R does exactly that too

R> a <- 1
R> typeof(a)
[1] "double"
R> a <- 1L
R> typeof(a)
[1] "integer"
R> 
 
and Rcpp uses Proxy Classes so this is the Right Thing (TM) to do.  We think,
at least.

| E.g. Are the implicit type conversions happening with some extra copy
| constructors? If so, we could have conditional compilation to exclude
| those.

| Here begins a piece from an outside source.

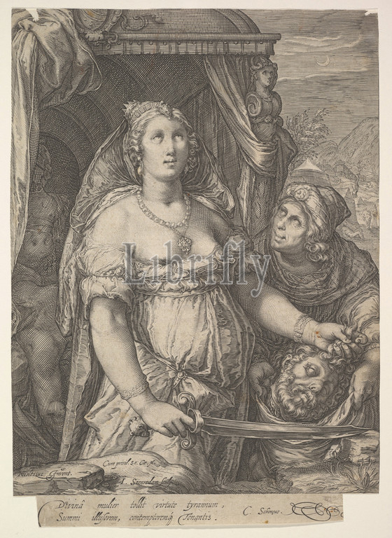 Judith, Engraving, sheet, 11 x 7 7/8, 28 20 cm, Prints, Jan, Pietersz., Saenredam, Netherlandish, Zaandam ca., 1565–1607, Assendelft, After Hendrick Goltzius, Mühlbracht, 1558–1617, Haarlem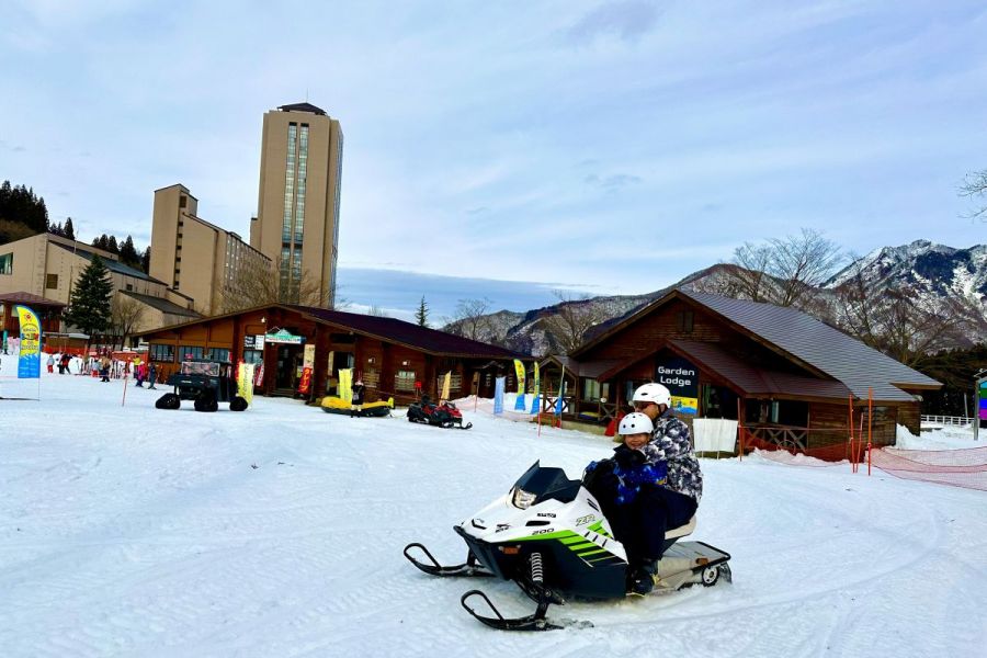 苗場スキー場では、パパやママが運転手になって雪の上を自由に走れるスノーモービル体験を楽しめます。

Something like:
| 
|   #ifndef FORCE_EXPLICIT
|   IntegerMatrix(double*){...}
|   #endif
| 
| Then programmers who don't like surprises would define FORCE_EXPLICIT,
| and then their code would sometimes not compile and they would have to
| write an explicit conversion.
| 
| (I've not thought that through, I just wanted to demonstrate what I had
| in mind.)

If you feel really strongly about you could consider a patch that makes this
non-R behaviour you suggest an option.  To most of us who use Rcpp between R
and C++ it really is a feature.

Don't get me wrong though: I like your input here and maybe the implicit
nature of things needs to be stressed even more.

Dirk

 
| Darren
| 
| > 
| > If you pass a matrix of ints to the NumericVector ctor, Rcpp has no
| > choice but to coerce the data to a matrix of double, which means new
| > data, hence the original data does not get modified.
| > 
| > If you pass a matrix of double, no copy is required, therefore Rcpp
| > operates directly on the data.
| > 
| > Those are features.
| > 
| > 
| > 
| > Le 4 nov. 2011 ? 08:01, Darren Cook <darren at dcook.org> a ?crit :
| > 
| >>> I.e. the point of his code was to show that a matrix of doubles
| >>> gets modified, a matrix of ints does not.
| >> 
| >> Or change the first line from NumericMatrix to: Rcpp::IntegerMatrix
| >> r_m(mem);
| >> 
| >> Then the behaviour is reversed. The matrix of doubles does not get 
| >> modified, but the matrix of ints does!
| >> 
| >> Dirk, Romain, this is a bug-in-waiting. Is there any way to
| >> generate a warning when the implicit deep copy happens? Or
| >> alternatively when the pointer is being used implicitly... but my
| >> hunch is that I want to know when there is any implicit conversion
| >> between int and double: modern C++ style is to explicitly declare
| >> all type conversions with static_cast<> and friends.
| 
| 
| -- 
| Darren Cook, Software Researcher/Developer
| 
| http://dcook.org/work/ (About me and my work)
| http://dcook.org/blogs.html (My blogs and articles)
| _______________________________________________
| Rcpp-devel mailing list
| Rcpp-devel at lists.r-forge.r-project.org
| https://lists.r-forge.r-project.org/cgi-bin/mailman/listinfo/rcpp-devel
#
Hi,
On Fri, Nov 4, 2011 at 9:36 AM, Dirk Eddelbuettel <edd at debian.org> wrote:
What if Rcpp fires a warning (I guess there's a C function that you
can use to invoke R's `warning()`) in these scenarios?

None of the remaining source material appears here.